Get firked


Bushwakker celebrates its 20th birthday in beer-soaked style

Paul Bogdan
A&C Writer

What could be a more fun birthday party than that of a brewery? There aren’t a whole lot of things that come to mind, and Bushwakker solidified that statement with their 20th anniversary party this weekend. Not only was it the brewery’s birthday, but it was also a celebration of the birthday of one of Scotland’s most famous poets, Robert Burns.

Providing some musical entertainment for the evening was Squeeze of Scotch. The band, consisting of a guitarist, accordionist, and percussionist, all dressed in traditional Scottish kilts, played through a number of covers from the likes of Dire Straits, Great Big Sea, Captain Tractor, Johnny Cash, and the Beatles all with an appropriate-for-the-occasion Celtic flair.

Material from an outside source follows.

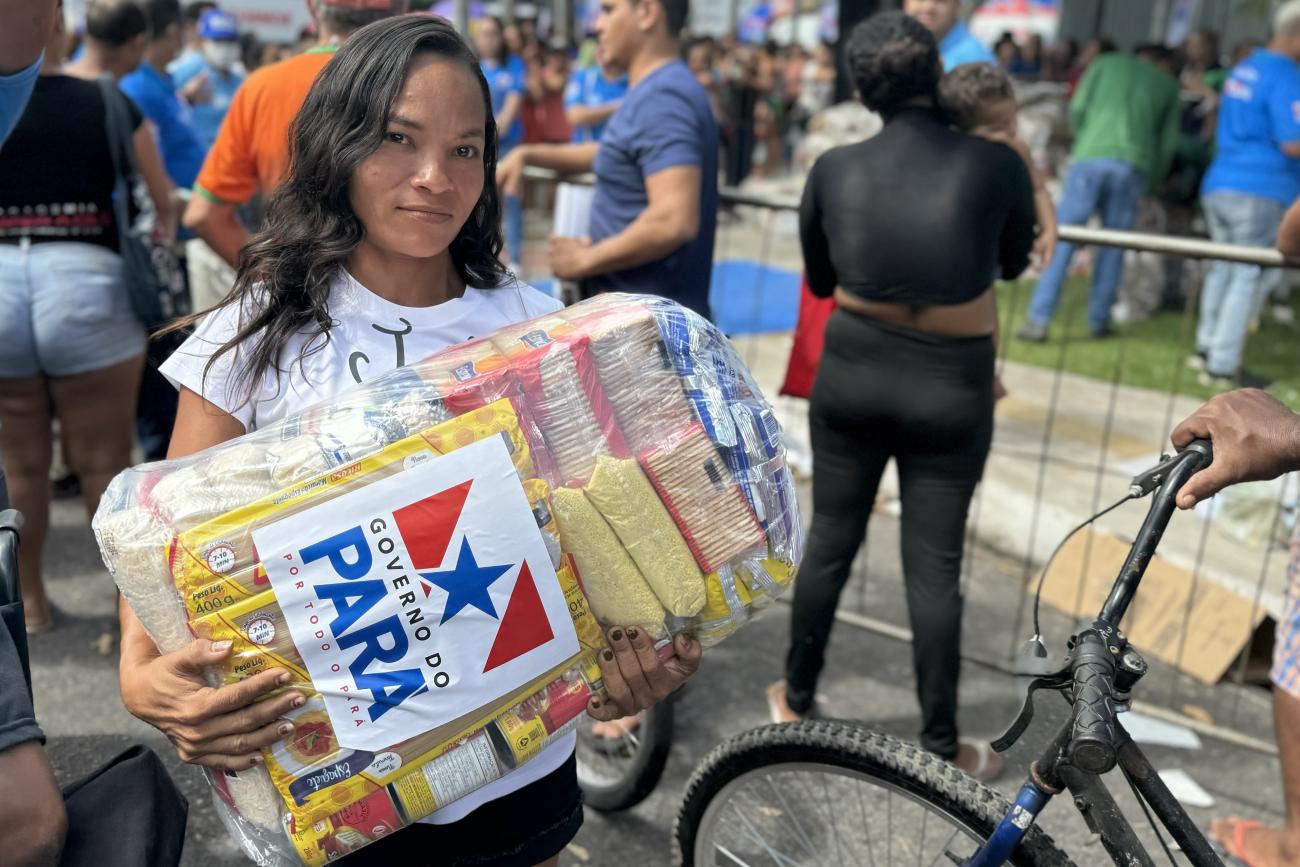 Desempregada e mãe de duas filhas, Aline Souza, de 35 anos, foi uma das beneficiárias das mais de mil cestas básicas entregues durante a ação de cidadania do "Governo do Pará nos Bairros", realizada no Paar, em Ananindeua, na Região Metropolitana de Belém. A entrega foi realizada na última quarta-feira (3), durante evento em comemoração aos 80 anos do município.

They played all their parts spot-on and were well-received by the audience, who would sing and clap along to the tunes. Audience members were also encouraged – and obliged the band’s requests – to leave their seats, relocate to the front of the stage, and engage in some light-hearted dancing.

Grins could be seen and laughs heard from all tables in the pub as people enjoyed their food and beer. I had a particularly tasty plate of nachos that was loaded with tomatoes, jalapenos, onions, green peppers, spicy beef, and smothered in a plethora of cheeses; it was nothing short of delicious. Although, I’m glad I decided on a small plate because it was still a heaping mound of food; I can imagine that the large plate would be enough to feed a small colony of people.

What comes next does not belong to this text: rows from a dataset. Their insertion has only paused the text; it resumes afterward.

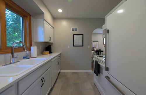 Experience modern comfort in this thoughtfully designed BnB. The galley style kitchen features sleek quartz countertops and brand new soft-close cabinetry, perfect for everything from quick breakfasts to evening meals.
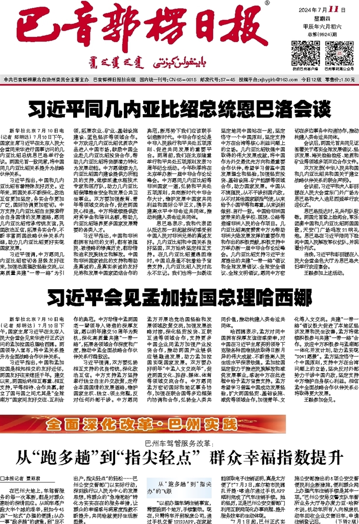 - 习近平会见孟加拉国总理哈西娜 新华社北京7月10日电 (记者 郑明达) 7月10日下午,国家主席习近平在北京人民大会堂会见来华进行正式访问的孟加拉国总理哈西娜。两国领导人宣布,将中孟关系提升为全面战略合作伙伴关系。 习近平
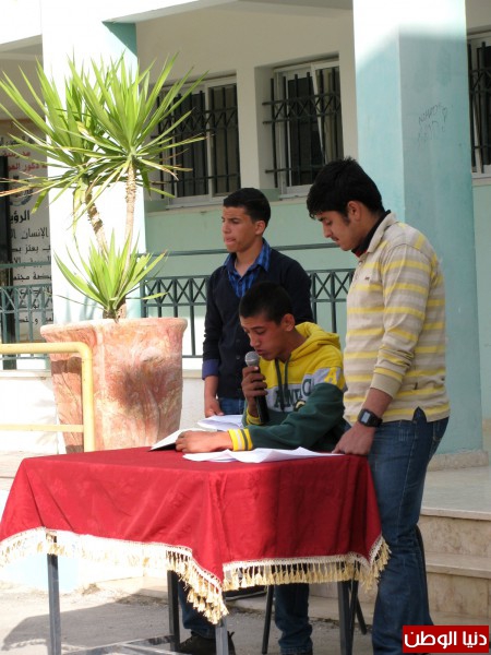هذا و ألقى معلم التربية الإسلامية انس بني عوده كلمة رثا فيها الطالب سويدات و قدم فيها التعازي لذويه ,و ألقى المعلم احمد دراغمة قصيدة رثاء نظمها إحياء لذكرى الطالب سويدات

The food wasn’t the only fine-tasting part of the evening. Bushwakker released a special, limited-edition brew for the occasion, the Tartan Tzar Stout. It’s quite an interesting beer, but definitely not for the light-hearted beer drinker. This strong (9.7% A/V) and very rich stout punches you in the face with so many flavours that your tongue is beat almost into submission. Leading the taste-bud assault are characteristics of a single-malt Scotch, chocolate, molasses, and coffee. The result is a flavour bomb that’s smooth, rich, and a little sweet. I’d compare the properties of the Tartan Tzar Stout to that of a fine, dark chocolate; it’s a delicious-tasting beer, but you can only have so much before your taste-buds are nuked into flavour oblivion.

The only thing that I was disappointed in with the evening was the five dollar cover charge, despite what I thought was more than enough business to generate enough profit to cover the cost of the band, but as a whole that was only a minor bump on a road to a rather satisfactory evening filled with palatable food, flavourful beer, dancing, kilts, and live music – all the ingredients for a successful night out. It’s great to see that a local brewery and pub has success in establishing itself and maintaining a well-run business for twenty years, and judging by how this past Saturday went, it’s evident that there’s well more than another twenty left.